Tampoco entraré en el debate de los haters que recuerdan que la marca fabrica sus productos en países basados en una cultura machista y en donde la homosexualidad es un delito. Si empezamos así, deberíamos dejar todos de vestir con marcas convencionales (desde unas Nike, hasta un vaquero de Zara o un polo de Ralph Lauren) y optar por la artesanía ‘made in Spain’ y fabricarnos nuestras propias prendas (algo que no sería mala idea del todo, con esto de la sostenibilidad…).

No contentos los directivos de marketing de Calvin Klein, estos han decidido bloquear a todo aquel que vomita su opinión contraria a la absurdez de semejante campaña. "Creemos que esta plataforma es un ambiente respetuoso para la individualidad y la expresión personal. En Calvin Klein lo toreamos todo, excepto la intolerancia, por lo que cualquier comentario que no sea tolerante será eliminado. Las cuentas que manden mensajes de odio serán bloqueadas", publicaban.

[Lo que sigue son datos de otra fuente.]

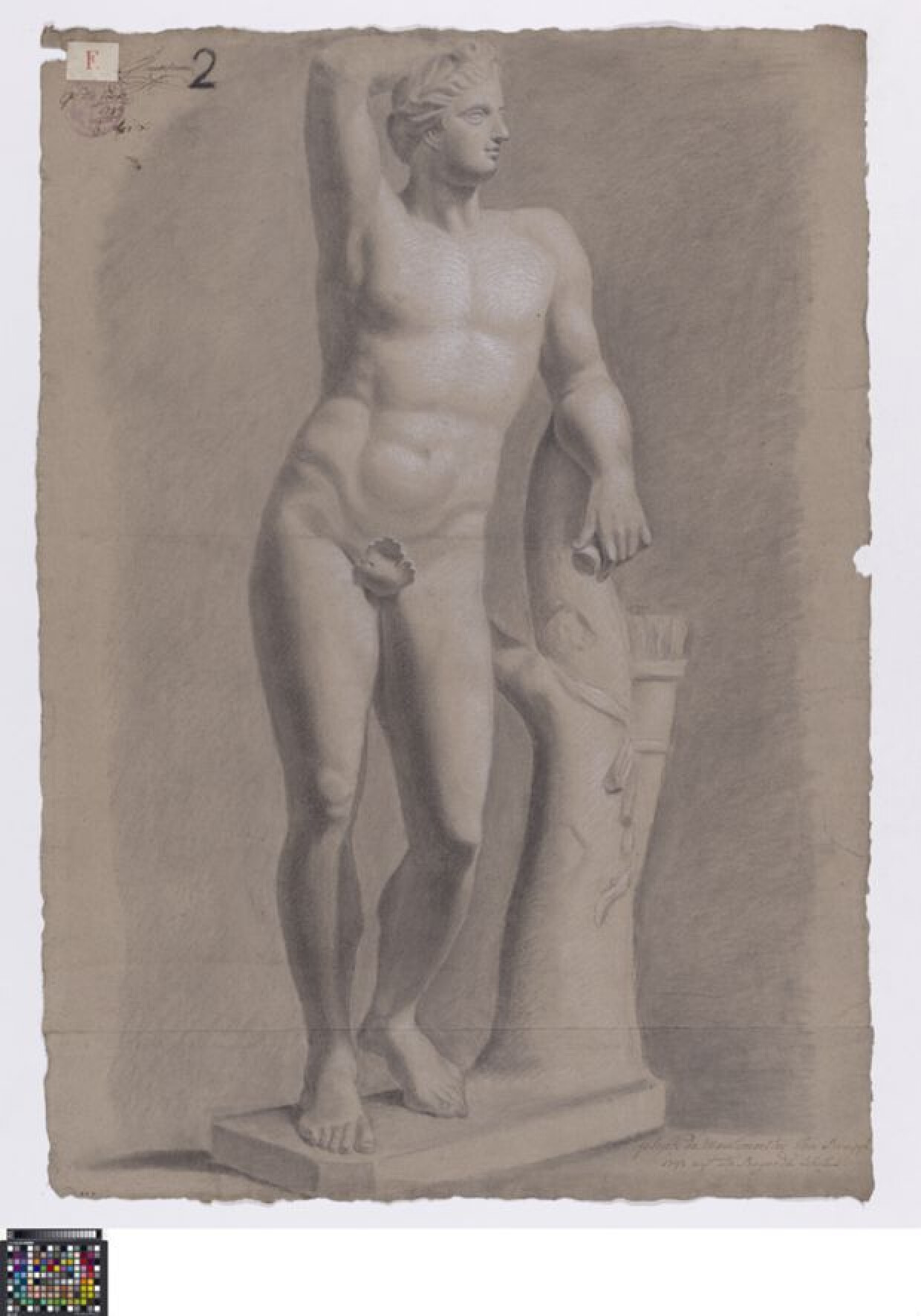 18de eeuwAcademische studie naar sculptuur van Apollo Medici, getekend door Jozef De Meulemeester in 1793. De Meulemeester kwam uit de Bogardenschool en was een leerling aan de Academie Brugge, ingeschreven in de klas naar 'bosse' waarin naar afgietsels werd getekend. Met deze studie behaalde hij de tweede prijs. In dezelfde wedstrijd werd Gregorius primus (0014.GRO0043.II). Net als Gregorius tekende hij toen twee studies (zie ook 0014.GRO0033.II). Voor deze studie werd naar een afgietsel van het beeldhouwwerk Apollo Medici getekend. Apollo is getekend vanuit driekwart aanzicht. Hij staat in contrapost, houdt zijn rechterarm op zijn hoofd en zijn linkerarm op een boomstronk. Aan de stam hangt zijn pijlenkoker. Er is een aangelijmde strook onderin met verderzetting van de compositie (voeten en sokkel) en opschrift. Het gebruikte medium is zwart krijt of houtskool, met hoogsels in wit krijt. Het etiket met de letter 'F' is linksboven op het papier verlijmd. Dit is de tekenletter die werd toegewezen aan De Meulemeester tijdens de wedstrijd voor anonieme jurering. Daarnaast staan de handtekeningen van directeur Paul de Cock, secretaris Frans Vande Steene en leraar Bernard Fricx, bij de academiestempel.

Estos son los nuevos valores de algunas marcas de moda: el hallazgo de la prensa fácil y polémica, para ser noticia a toda costa. Sería más propio que donaran una parte de las ventas a todas las madres sin recursos que no llegan a fin de mes o aquellas que recurren al aborto porque no saben cómo sostener a su futuro hijo. Esto sí es apoyar la vida, y no las tendencias. Esto sí es sostenibilidad: pero sostenibilidad de la vida, de lo humano y lo profundo. No que en invierno haga frío y en verano calor. Lo demás son tonterías.